We also use alliteration (“weaving words into wealth by turning browsers into buyers”), rhyming (“you’ll wonder where the yellow went when you brush your teeth with Pepsodent; “double your pleasure double your fun with double good double good Doublemint gum”), similes (“Like a good neighbor, State Farm is there”), metaphors (“I am Mayhem”) and other clever tactics that keep people trotting alongside as we whisk them down the slippery slope to the result our clients anticipate.
Finally (or along the way in more than one spot), the Action Line grabs attention
Unless the readers–our client’s target audience–follow us eagerly and willingly, like tail-wagging puppies, all the way to the action line–the line where we tell them what they need to do now to satisfy the desire we’ve placed or encouraged in them along the way, our clients will have no sale, no conversion, no win. And we’ll get no additional work from these clients. And they’ll give us lousy reviews. And we’ll eventually starve as a sad result.

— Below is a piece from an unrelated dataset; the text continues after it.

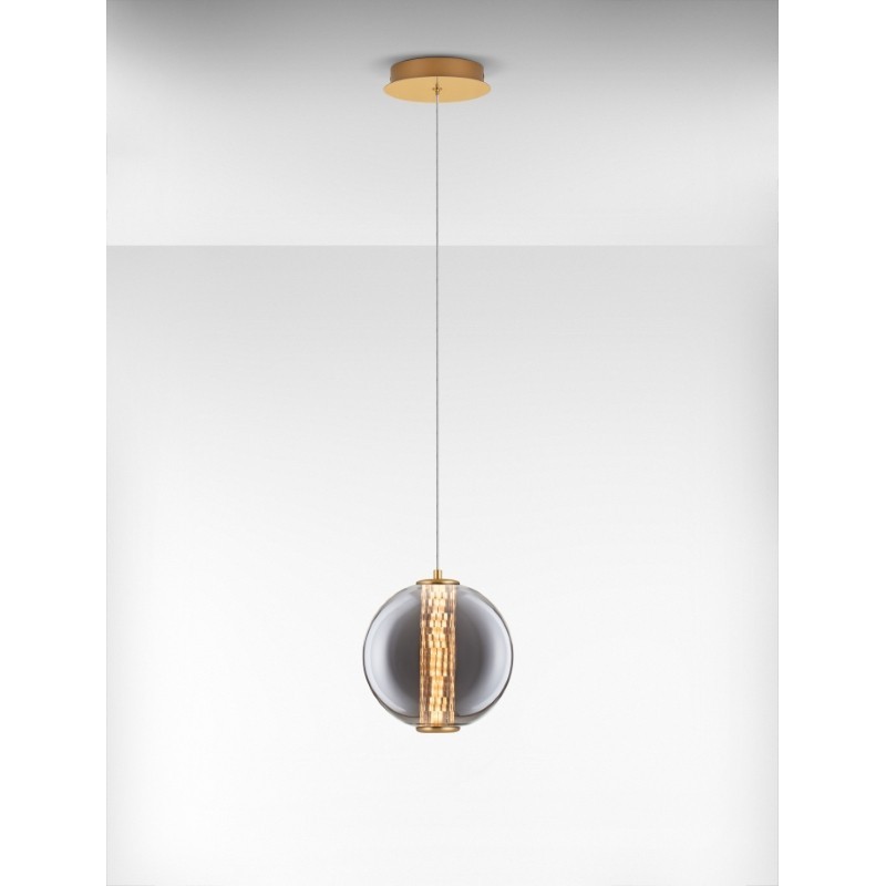 Brass Gold Metal & smoky gray glass LED 8 Watt 220-240 Volt 934Lm 3000K IP20 D:22 H:200 cm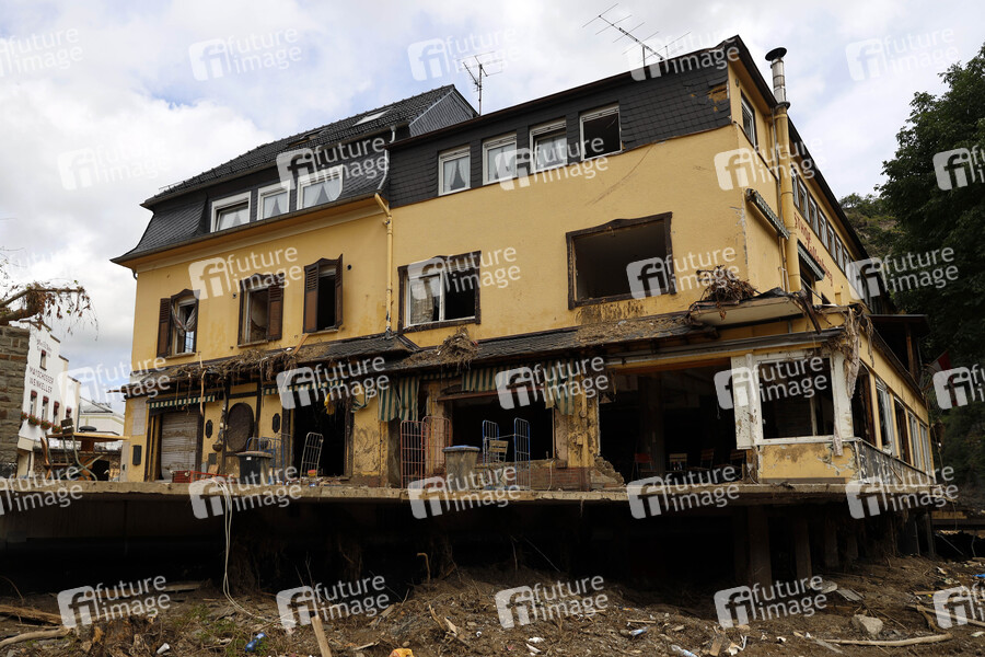 Nach dem Jahrhunderthochwasser in der Eifel durch heftige Regenfälle und Dauerregen mit Überschwemmungen und Überflutungen haben die Aufräumarbeiten im Ahrtal große Fortschritte gemacht. Einheiten von Polizei, THW, Bundeswehr und Feuerwehr mitsamt vielen freiwilligen Helfern haben Straßen geräumt, Schutt und Schlamm entfernt und die Menschen versorgt. Der Wiederaufbau wird trotzdem Jahre dauern. Im Bild Flutschäden in der Ortschaft Mayschoß, in der die Flut viele Häuser zerstörte, 08.08.2021

So, as you can see, being a copywriter is no bed of roses. There are plenty of places where we can mess up and cause the house of cards to collapse in a jumbled mess.
This is precisely why it’s crucial that business owners and entrepreneurs who are looking to hire a reputable copywriter need to know the basics about what good copy writing is and why it costs what it does. Good copy isn’t something we just dash off in a few minutes. It has to be massaged, danced with, tickled, pummeled, and shaped into a series of riveting sound bites that carry potential buyers over the threshold and deposit them in front of your cash registers.
It isn’t a walk in the park. It isn’t a lark. So if you no longer feel completely capable of writing your own copy, hire someone who can. Your bank account will thank you for it, and you’ll be able to write off every dime at the end of the year when you file your taxes as long as the writer you hire is a reputable professional with a business license.